Cheap oil, major justice talks in Biden’s diplomacy with Saudi Arabia ( News Hawaii )

When President Joe Biden raised the stakes, he deserved to be called out like any other American president.

Already facing major controversies with an outspoken hand, he toured Saudi Arabia in the summer to plead for more oil production to ease pressure on oil prices.

The valid question at the time was whether Biden was acting in a sincere effort to help American motorists or to deprive his Republican critics of a major point of attack at election time.

Either way, the visit included a high-profile meeting with the Saudi leader, Crown Prince Mohammed bin Salman, whom Biden had promised to hold accountable for the 2018 murder of US-based Saudi journalist Jamal Khashoggi.

Biden’s full-scale public gestures would be rendered as punishing as the crown prince’s fist-bump salute.

A full song handshake seemed to give people the false impression that things were all cordial and friendly.

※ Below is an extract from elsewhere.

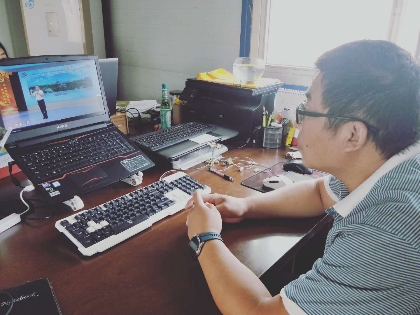 第三工程公司黨支部八月工程大干期間,因成員分散在各施工項目,8月10日抓住時機利用網(wǎng)絡視頻學習微黨課搞起主題黨日活動,支部全體黨員接到通知后同步使用手機和筆記本電腦,觀摩學習淄博電視臺新聞頻道淄博黨建微黨課決賽,學習防疫抗疫一線先進使勁。
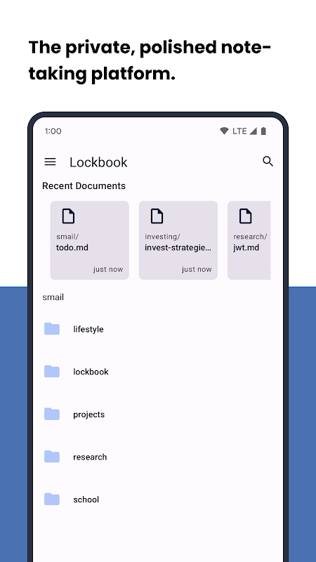 우리는 Lockbook을 매일 사용하기 때문에 일상적인 사용을 위해 Lockbook을 만들었습니다. 우리의 기본 앱은 모든 플랫폼에서 집처럼 느껴지며 빠르고 안정적이며 효율적이고 즐겁게 사용할 수 있도록 추가 노력을 기울였습니다. 우리는 당신이 그들을 시도 기다릴 수 없습니다.

Khashoggi’s killing occurred inside the Saudi consulate in Istanbul, Turkey, where the journalist and columnist had gone to help prepare papers for an upcoming wedding at The Washington Post. Her fiancĂ©, Hatice Cengiz, waited outside the consulate for Khashoggi to enter. It never emerged.

The knights, who had been imprisoned by US intelligence, were working on the Crown Prince’s order to kill Khashoggi, then dismember his body Mafia-style.

Last week, the Biden administration filed a court document claiming that crown prince immunity is eligible in a civil suit by Cengiz over Khashoggi’s murder.

The US administration was not supposed to intervene in the case of the Saudi leader, but chose to do so anyway, noting that the father of the prince, Salman bin Abdulaziz, had recently named Mohammed prime minister, a purely ceremonial title in the country. where the king and the crown are said to be supreme in all governments, among whom one must live and die.

“Jamal died again today,” Cengiz posted on Twitter, later adding that when it comes to the question of justice versus money, “money comes first.”

Two Democratic US senators spoke on Sunday to defend Biden, praising the US government’s record in opposing Iran and the 80-year friendship that has helped make the United States the beneficiary of low oil prices. the defense of Saudi Arabia against its regional enemies.

We suspect that the US designation of immunity, like most conditions in international diplomacy, involves some kind of quid pro quo.

Maybe it’s about low oil prices, or asking the Saudis to make life difficult for China or Vladimir Putin, the leader of Russia.

But as Washington Post Publisher Fred Ryan stated Friday, the prince’s immunity to the crown effectively meant granting him a “license to kill.” Cengiz’s only line is true: Money comes first, not justice.